La primera sentencia de la Jurisdicción Especial para la Paz, JEP, en contra de la antigua cúpula de las extintas Fuerzas Revolucionarias de Colombia, Farc, por la política de secuestros que extendieron por todo el país y que dejó al menos 21.396 hechos victimizantes, no se puede analizar de forma superficial. El discurso no puede ser ligero. Ni mucho menos político. Merece más profundidad, madurez y sobriedad de todos los sectores del país; sin embargo, también admite críticas y reparos. No es para menos. Y mucho más cuando los cuestionamientos son lanzados por las propias víctimas.

Las cosas al grano: Rodrigo Londoño Echeverri, Pablo Catatumbo Torres Victoria, Pastor Lisandro Alape Lascarro, Milton de Jesús Toncel Redondo, Jaime Alberto Parra Rodríguez, Julián Gallo Cubillos y Rodrigo Granda Escobar fueron condenados por hacer del secuestro, según la JEP, una política criminal que seguía tres patrones: financiar su organización armada, presionar al Estado colombiano para un intercambio de prisioneros y ejercer control social y territorial.

Debido a lo anterior, el tribunal les impuso ocho años que deberán cumplir a través de proyectos restaurativos. Sí, es cierto, no pagarán cárcel, pero ese reclamo, que tiene toda la validez y la legitimidad, no es una decisión de última hora ni una maniobra de beneficio por parte de los magistrados. Tampoco puede utilizarse como bandera política con el objetivo de sacar réditos electorales de cara a los comicios del 2026. Ese sapo, difícil de tragar, según las palabras del expresidente Juan Manuel Santos, ya se sabía desde 2016, cuando el Estado colombiano firmó la paz con el grupo guerrillero con el objetivo de ponerle fin al conflicto, reparar a las víctimas y revelar la verdad de los horrores de muchos años de violencia en el país.
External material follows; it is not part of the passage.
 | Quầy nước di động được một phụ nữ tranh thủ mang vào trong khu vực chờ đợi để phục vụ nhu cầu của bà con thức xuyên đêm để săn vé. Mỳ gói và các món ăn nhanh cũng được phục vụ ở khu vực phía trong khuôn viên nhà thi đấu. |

Y, en este aspecto, también hay que hacer honor a la verdad: estos tres puntos tampoco se han cumplido del todo.

En medio de la polarización, hay que reconocer que la decisión es un hito histórico, pues los exjefes guerrilleros nunca habían rendido cuentas ante la justicia ordinaria sobre los crímenes de lesa humanidad que habían cometido. Además, según el tribunal, no existía registro sobre “las dinámicas que alimentaron las atrocidades, los impactos psicosociales en las víctimas y sus familias, el daño a comunidades y territorios y las políticas que los hicieron posibles”. Es un avance, sí, que aunque no borra el sufrimiento, al menos, desde donde se mire, reconoce el sufrimiento de ayer, de esa espiral de dolor que Colombia no ha podido dejar atrás.
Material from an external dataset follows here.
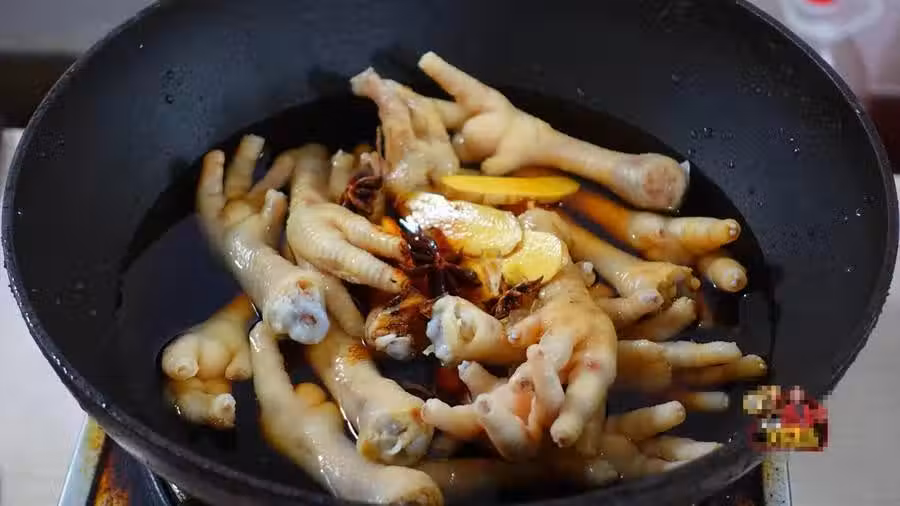 第四步:將清理干凈的雞爪放入鍋中,放入1碗清水,加入50克冰糖,加入半杯醬油,加入1湯匙老抽,再放入5個八角和幾塊薑片,蓋上鍋蓋,大火煮開之後,轉成小火,煮15分鐘!

Tras la decisión, que ya fue tomada y no hay marcha atrás, la JEP, el Estado y las organizaciones internacionales garantes del proceso de paz no deben hacer de oídos sordos y seguir tendiéndole la mano a las miles de víctimas del conflicto que –en medio de su dolor infinito– se han mostrado excépticas, defraudadas y, en algunos casos, traicionadas por el fallo condenatorio. No se les puede dejar de lado. Sus posturas tienen sus razones, por lo que es necesario –para evitar nuevos casos de revictimización– que las diferentes instancias en mención de estos procesos den luces más claras sobre las labores que, de ahora en adelante, llevarán a cabo los antiguos jefes guerrilleros. En este sentido, aunque la JEP explicó que los miembros de la cúpula de las Farc tendrán visitas presenciales y supervisión en tiempo real mediante dispositivos electrónicos, no hay certeza sobre si gozarán de un rango de movilidad en el país.

Las dudas, además, aumentaron porque la JEP fue enfática en explicar que no están encargados de definir procedimientos de contratación ni asumir responsabilidad disciplinaria o fiscal en la administración de recursos para el cumplimiento de las sanciones en mención. Es el Gobierno Nacional, bajo el liderazgo del presidente Gustavo Petro, el que está obligado a garantizar los recursos, una preocupante situación si se tienen en cuenta los actuales problemas de caja del ejecutivo. Hay que seguir avanzando, pero sin cometer más errores. Que la verdad aflore y no quede a medias, como lamentan muchas víctimas.